> [WORK REQUEST]: The listing that follows must be retyped exactly, without its pictures.

EXTRACTED DATA Start Marker

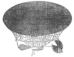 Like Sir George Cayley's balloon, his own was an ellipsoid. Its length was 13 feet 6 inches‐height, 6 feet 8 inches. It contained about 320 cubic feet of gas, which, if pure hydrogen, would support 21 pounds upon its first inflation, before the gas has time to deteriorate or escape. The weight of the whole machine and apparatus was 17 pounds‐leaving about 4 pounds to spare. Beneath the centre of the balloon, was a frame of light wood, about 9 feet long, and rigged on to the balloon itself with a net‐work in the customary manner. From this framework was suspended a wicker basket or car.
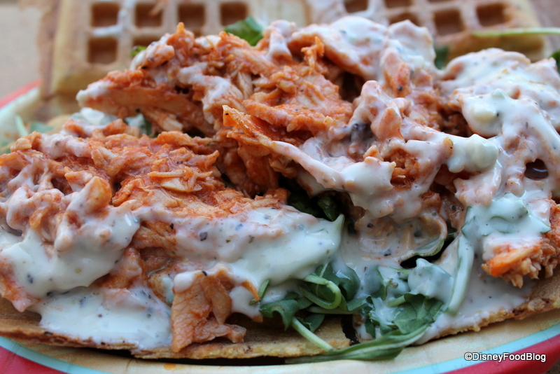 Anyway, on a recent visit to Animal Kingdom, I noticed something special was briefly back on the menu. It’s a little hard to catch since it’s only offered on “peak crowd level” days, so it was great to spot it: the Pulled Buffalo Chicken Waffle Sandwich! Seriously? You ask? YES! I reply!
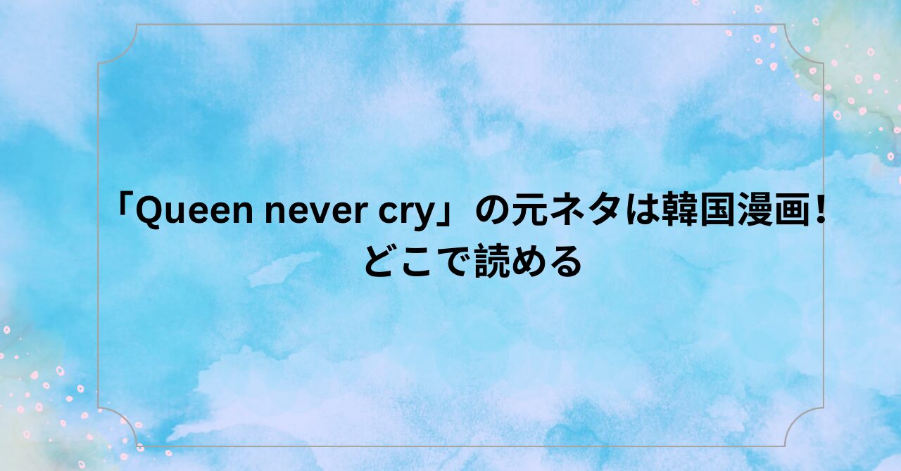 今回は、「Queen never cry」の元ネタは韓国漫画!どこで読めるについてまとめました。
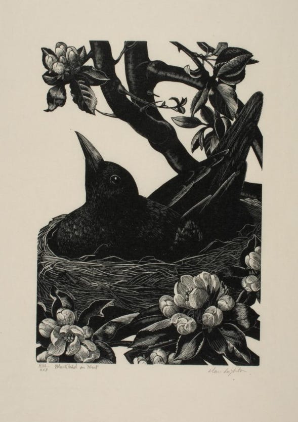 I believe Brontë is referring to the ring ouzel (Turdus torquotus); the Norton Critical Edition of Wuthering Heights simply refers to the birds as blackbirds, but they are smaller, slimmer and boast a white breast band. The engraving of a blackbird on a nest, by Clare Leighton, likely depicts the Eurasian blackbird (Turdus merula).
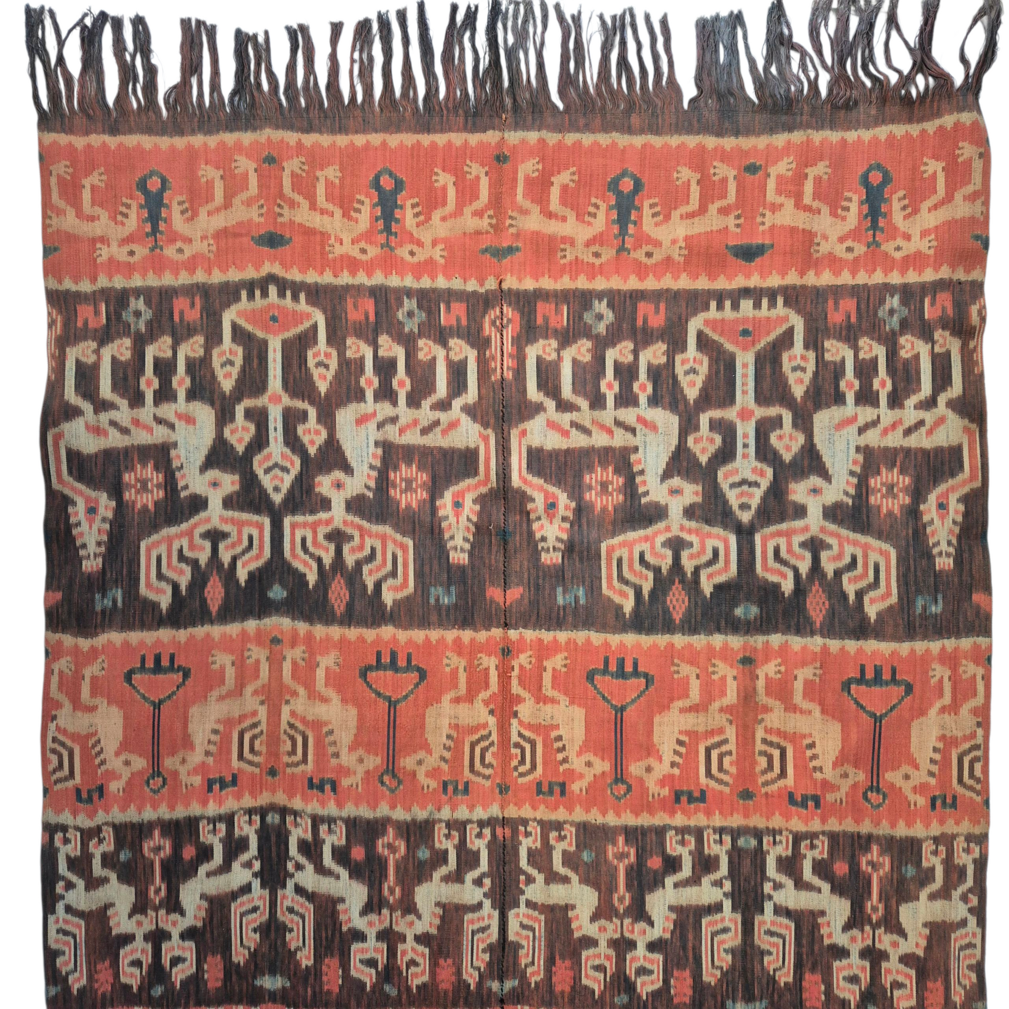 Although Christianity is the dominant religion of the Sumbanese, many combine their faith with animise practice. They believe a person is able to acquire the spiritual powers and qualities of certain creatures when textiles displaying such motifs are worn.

EXTRACTED DATA End Marker

> [SOLUTION TO THE PROBLEM]:
 Like Sir George Cayley's balloon, his own was an ellipsoid. Its length was 13 feet 6 inches‐height, 6 feet 8 inches. It contained about 320 cubic feet of gas, which, if pure hydrogen, would support 21 pounds upon its first inflation, before the gas has time to deteriorate or escape. The weight of the whole machine and apparatus was 17 pounds‐leaving about 4 pounds to spare. Beneath the centre of the balloon, was a frame of light wood, about 9 feet long, and rigged on to the balloon itself with a net‐work in the customary manner. From this framework was suspended a wicker basket or car.
 Anyway, on a recent visit to Animal Kingdom, I noticed something special was briefly back on the menu. It’s a little hard to catch since it’s only offered on “peak crowd level” days, so it was great to spot it: the Pulled Buffalo Chicken Waffle Sandwich! Seriously? You ask? YES! I reply!
 今回は、「Queen never cry」の元ネタは韓国漫画!どこで読めるについてまとめました。
 I believe Brontë is referring to the ring ouzel (Turdus torquotus); the Norton Critical Edition of Wuthering Heights simply refers to the birds as blackbirds, but they are smaller, slimmer and boast a white breast band. The engraving of a blackbird on a nest, by Clare Leighton, likely depicts the Eurasian blackbird (Turdus merula).
 Although Christianity is the dominant religion of the Sumbanese, many combine their faith with animise practice. They believe a person is able to acquire the spiritual powers and qualities of certain creatures when textiles displaying such motifs are worn.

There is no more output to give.